__AIM OF THE TASK__. From the material below, copy each line that holds the word "with".

__RECORD EXCERPTS__.
⁂
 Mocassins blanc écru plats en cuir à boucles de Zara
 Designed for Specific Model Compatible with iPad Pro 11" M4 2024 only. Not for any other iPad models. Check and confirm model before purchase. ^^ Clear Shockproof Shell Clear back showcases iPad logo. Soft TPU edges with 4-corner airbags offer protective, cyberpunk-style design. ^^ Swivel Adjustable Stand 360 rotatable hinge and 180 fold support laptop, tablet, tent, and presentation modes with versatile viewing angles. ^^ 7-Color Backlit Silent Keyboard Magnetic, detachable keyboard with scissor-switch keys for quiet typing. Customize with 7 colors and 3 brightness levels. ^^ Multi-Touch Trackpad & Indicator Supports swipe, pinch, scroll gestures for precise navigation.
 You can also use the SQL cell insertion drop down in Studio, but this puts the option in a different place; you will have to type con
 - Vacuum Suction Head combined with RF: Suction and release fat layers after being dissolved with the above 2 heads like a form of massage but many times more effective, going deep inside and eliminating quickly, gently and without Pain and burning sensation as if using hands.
⁂
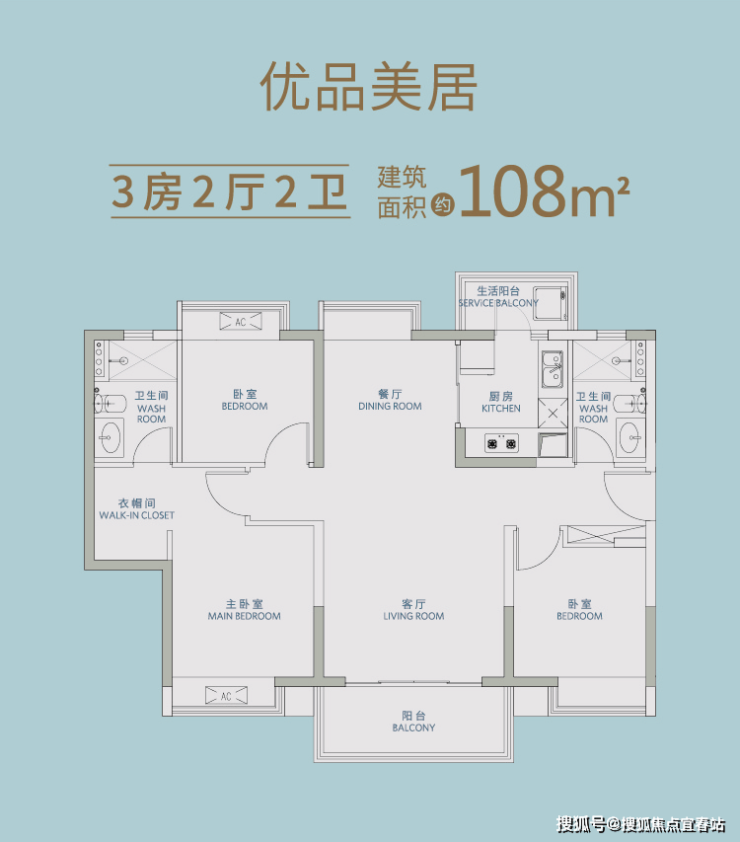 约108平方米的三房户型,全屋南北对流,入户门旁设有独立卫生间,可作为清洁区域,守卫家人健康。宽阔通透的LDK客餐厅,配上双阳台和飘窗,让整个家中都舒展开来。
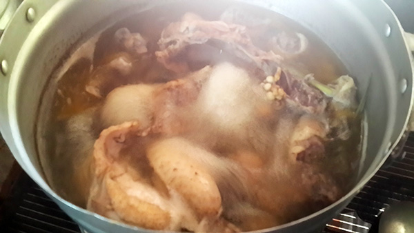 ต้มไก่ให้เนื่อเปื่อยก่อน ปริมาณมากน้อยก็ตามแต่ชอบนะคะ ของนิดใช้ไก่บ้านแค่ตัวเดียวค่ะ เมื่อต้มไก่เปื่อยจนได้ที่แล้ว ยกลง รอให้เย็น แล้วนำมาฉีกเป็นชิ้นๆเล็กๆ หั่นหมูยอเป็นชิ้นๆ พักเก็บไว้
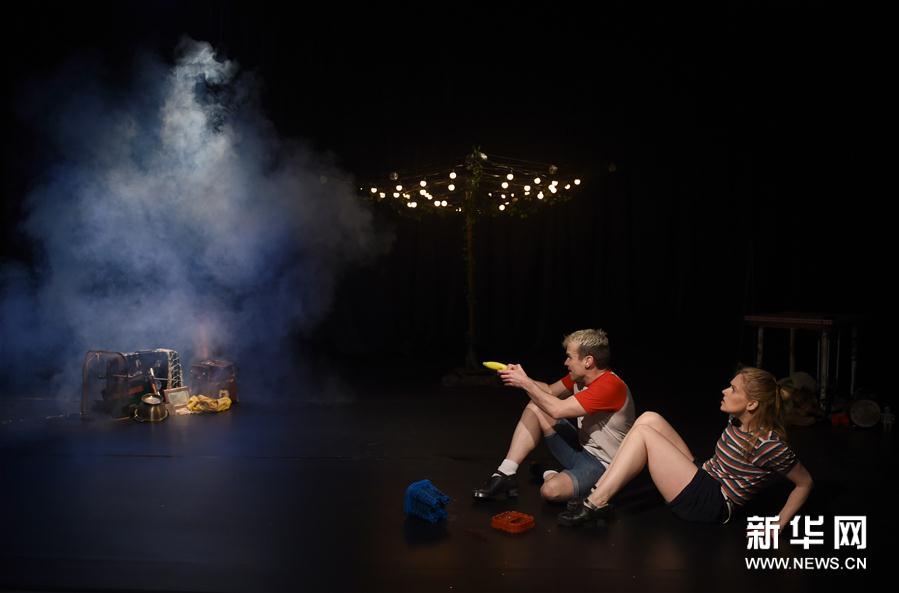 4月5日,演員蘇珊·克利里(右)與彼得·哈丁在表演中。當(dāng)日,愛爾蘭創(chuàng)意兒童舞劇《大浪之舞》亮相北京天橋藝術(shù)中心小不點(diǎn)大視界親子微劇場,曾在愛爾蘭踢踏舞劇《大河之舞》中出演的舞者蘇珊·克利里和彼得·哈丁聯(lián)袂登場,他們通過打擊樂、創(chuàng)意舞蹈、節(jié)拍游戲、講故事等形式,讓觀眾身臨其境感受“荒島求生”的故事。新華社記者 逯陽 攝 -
⁂
__WRITTEN RESPONSE__.
 Designed for Specific Model Compatible with iPad Pro 11" M4 2024 only. Not for any other iPad models. Check and confirm model before purchase. ^^ Clear Shockproof Shell Clear back showcases iPad logo. Soft TPU edges with 4-corner airbags offer protective, cyberpunk-style design. ^^ Swivel Adjustable Stand 360 rotatable hinge and 180 fold support laptop, tablet, tent, and presentation modes with versatile viewing angles. ^^ 7-Color Backlit Silent Keyboard Magnetic, detachable keyboard with scissor-switch keys for quiet typing. Customize with 7 colors and 3 brightness levels. ^^ Multi-Touch Trackpad & Indicator Supports swipe, pinch, scroll gestures for precise navigation.
 - Vacuum Suction Head combined with RF: Suction and release fat layers after being dissolved with the above 2 heads like a form of massage but many times more effective, going deep inside and eliminating quickly, gently and without Pain and burning sensation as if using hands.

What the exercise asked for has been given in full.